| # Apache Spark |
| |
| Lightning-Fast Cluster Computing - <http://spark.apache.org/> |
| |
| |
| ## Online Documentation |
| |
| You can find the latest Spark documentation, including a programming |
| guide, on the project webpage at <http://spark.apache.org/documentation.html>. |
| This README file only contains basic setup instructions. |
| |
| ## Building Spark |
| |
| Spark is built on Scala 2.10. To build Spark and its example programs, run: |
| |
| ./sbt/sbt assembly |
| |
| (You do not need to do this if you downloaded a pre-built package.) |
| |
| ## Interactive Scala Shell |
| |
| The easiest way to start using Spark is through the Scala shell: |
| |
| ./bin/spark-shell |
| |
| Try the following command, which should return 1000: |
| |
| scala> sc.parallelize(1 to 1000).count() |
| |
| ## Interactive Python Shell |
| |
| Alternatively, if you prefer Python, you can use the Python shell: |
| |
| ./bin/pyspark |
| |
| And run the following command, which should also return 1000: |
| |
| >>> sc.parallelize(range(1000)).count() |
| |
| ## Example Programs |
| |
| Spark also comes with several sample programs in the `examples` directory. |
| To run one of them, use `./bin/run-example <class> [params]`. For example: |
| |
| ./bin/run-example SparkPi |
| |
| will run the Pi example locally. |
| |
| You can set the MASTER environment variable when running examples to submit |
| examples to a cluster.
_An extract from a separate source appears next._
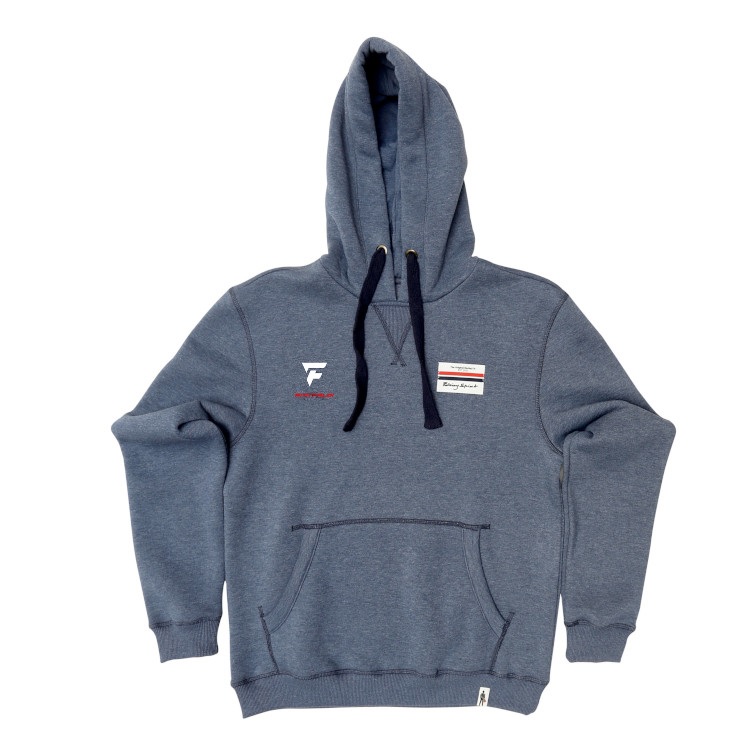 フィッティパルディとRacing Spiritの刺繍ロゴが入った、シンプルなフードパーカー(裏起毛つき)です。厚手の素材感でストレッチの効いたコットン+ポリエステル生地です。

This can be a mesos:// or spark:// URL, |
| "yarn-cluster" or "yarn-client" to run on YARN, and "local" to run |
| locally with one thread, or "local[N]" to run locally with N threads. You |
| can also use an abbreviated class name if the class is in the `examples` |
| package. For instance: |
| |
| MASTER=spark://host:7077 ./bin/run-example SparkPi |
| |
| Many of the example programs print usage help if no params are given. |
| |
| ## Running Tests |
| |
| Testing first requires [building Spark](#building-spark). Once Spark is built, tests |
| can be run using: |
| |
| ./sbt/sbt test |
| |
| ## A Note About Hadoop Versions |
| |
| Spark uses the Hadoop core library to talk to HDFS and other Hadoop-supported |
| storage systems. Because the protocols have changed in different versions of |
| Hadoop, you must build Spark against the same version that your cluster runs. |
| You can change the version by setting the `SPARK_HADOOP_VERSION` environment |
| when building Spark. |
| |
| For Apache Hadoop versions 1.x, Cloudera CDH MRv1, and other Hadoop |
| versions without YARN, use: |
| |
| # Apache Hadoop 1.2.1 |
| $ SPARK_HADOOP_VERSION=1.2.1 sbt/sbt assembly |
| |
| # Cloudera CDH 4.2.0 with MapReduce v1 |
| $ SPARK_HADOOP_VERSION=2.0.0-mr1-cdh4.2.0 sbt/sbt assembly |
| |
| For Apache Hadoop 2.2.X, 2.1.X, 2.0.X, 0.23.x, Cloudera CDH MRv2, and other Hadoop versions |
| with YARN, also set `SPARK_YARN=true`: |
| |
| # Apache Hadoop 2.0.5-alpha |
| $ SPARK_HADOOP_VERSION=2.0.5-alpha SPARK_YARN=true sbt/sbt assembly |
| |
| # Cloudera CDH 4.2.0 with MapReduce v2 |
| $ SPARK_HADOOP_VERSION=2.0.0-cdh4.2.0 SPARK_YARN=true sbt/sbt assembly |
| |
| # Apache Hadoop 2.2.X and newer |
| $ SPARK_HADOOP_VERSION=2.2.0 SPARK_YARN=true sbt/sbt assembly |
| |
| When developing a Spark application, specify the Hadoop version by adding the |
| "hadoop-client" artifact to your project's dependencies. For example, if you're |
| using Hadoop 1.2.1 and build your application using SBT, add this entry to |
| `libraryDependencies`: |
| |
| "org.apache.hadoop" % "hadoop-client" % "1.2.1" |
| |
| If your project is built with Maven, add this to your POM file's `<dependencies>` section: |
| |
| <dependency> |
| <groupId>org.apache.hadoop</groupId> |
| <artifactId>hadoop-client</artifactId> |
| <version>1.2.1</version> |
| </dependency> |
| |
| |
| ## Configuration |
| |
| Please refer to the [Configuration guide](http://spark.apache.org/docs/latest/configuration.html) |
| in the online documentation for an overview on how to configure Spark. |
| |
| |
| ## Contributing to Spark |
| |
| Contributions via GitHub pull requests are gladly accepted from their original |
| author. Along with any pull requests, please state that the contribution is |
| your original work and that you license the work to the project under the |
| project's open source license. Whether or not you state this explicitly, by |
| submitting any copyrighted material via pull request, email, or other means |
| you agree to license the material under the project's open source license and |
| warrant that you have the legal authority to do so. |
| |